··· STORED DATA ···
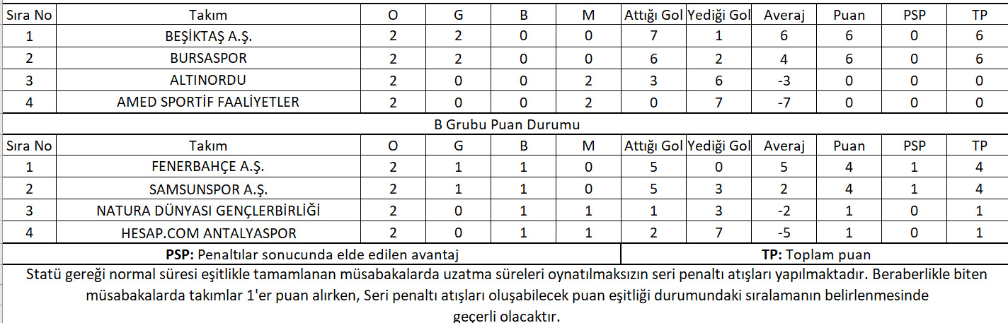 TFF YouTube kanalından canlı yayınlanan A Grubu'ndaki müsabakalarda Bursaspor, Amed Sportif Faaliyetler'i 2-0; Beşiktaş A.Ş., Altınordu'yu 2-1 mağlup etti. Yine TFF YouTube kanalından canlı yayınlanan B Grubu maçlarında; Fenerbahçe A.Ş., Hesap.com Antalyaspor'a 5-0; Samsunspor A.Ş., Natura Dünyası Gençlerbirliği'ne 3-1 üstünlük sağladı.
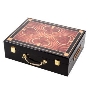 This poker chip case is wooden. It is lacquered to a high gloss black finish with a spades and clubs
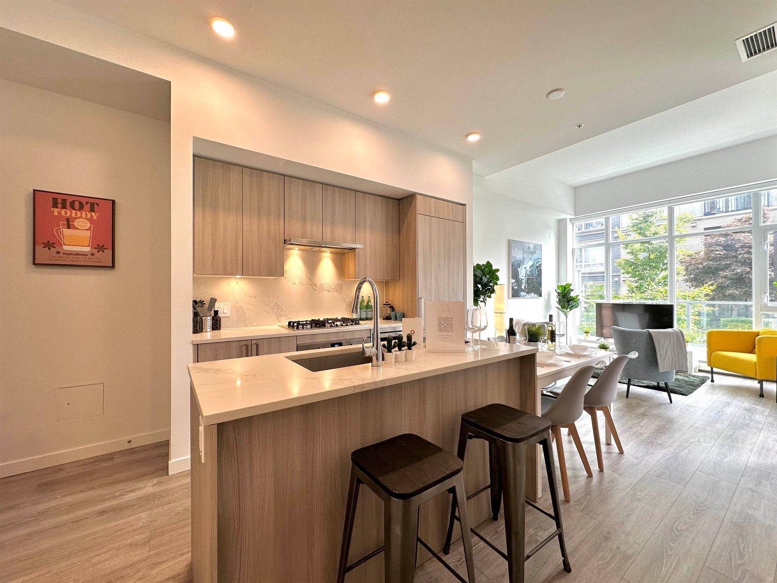 Come home to One Central in North Surrey. This modern townhouse offers 1130 sqft of contemporary living space, high ceilings, Low-E glazed windows, custom roller blinds and dual entrances. Open concept main level features gourmet kitchen with European appliance package flowing seamlessly into the dining and living room areas ideal for relaxation and entertainment. Flex room ideal for home office or studio. Floor-to-ceiling windows offer plenty of natural light. Bedrooms on upper level for maximum privacy plus elegant bathrooms for comfort and convenience. One Central's lifestyle amenities include the One Club with indoor/outdoor sky lounge, Sky Fitness, the Coworking & Study Lounge, the Cube fitness & yoga center, plus full time Concierge. Home is easy to show, call now for an appointment!
···
TASK PROMPT:
Could the data above be copied out exactly, with no pictures kept?

RESPONSE BELOW:
 TFF YouTube kanalından canlı yayınlanan A Grubu'ndaki müsabakalarda Bursaspor, Amed Sportif Faaliyetler'i 2-0; Beşiktaş A.Ş., Altınordu'yu 2-1 mağlup etti. Yine TFF YouTube kanalından canlı yayınlanan B Grubu maçlarında; Fenerbahçe A.Ş., Hesap.com Antalyaspor'a 5-0; Samsunspor A.Ş., Natura Dünyası Gençlerbirliği'ne 3-1 üstünlük sağladı.
 This poker chip case is wooden. It is lacquered to a high gloss black finish with a spades and clubs
 Come home to One Central in North Surrey. This modern townhouse offers 1130 sqft of contemporary living space, high ceilings, Low-E glazed windows, custom roller blinds and dual entrances. Open concept main level features gourmet kitchen with European appliance package flowing seamlessly into the dining and living room areas ideal for relaxation and entertainment. Flex room ideal for home office or studio. Floor-to-ceiling windows offer plenty of natural light. Bedrooms on upper level for maximum privacy plus elegant bathrooms for comfort and convenience. One Central's lifestyle amenities include the One Club with indoor/outdoor sky lounge, Sky Fitness, the Coworking & Study Lounge, the Cube fitness & yoga center, plus full time Concierge. Home is easy to show, call now for an appointment!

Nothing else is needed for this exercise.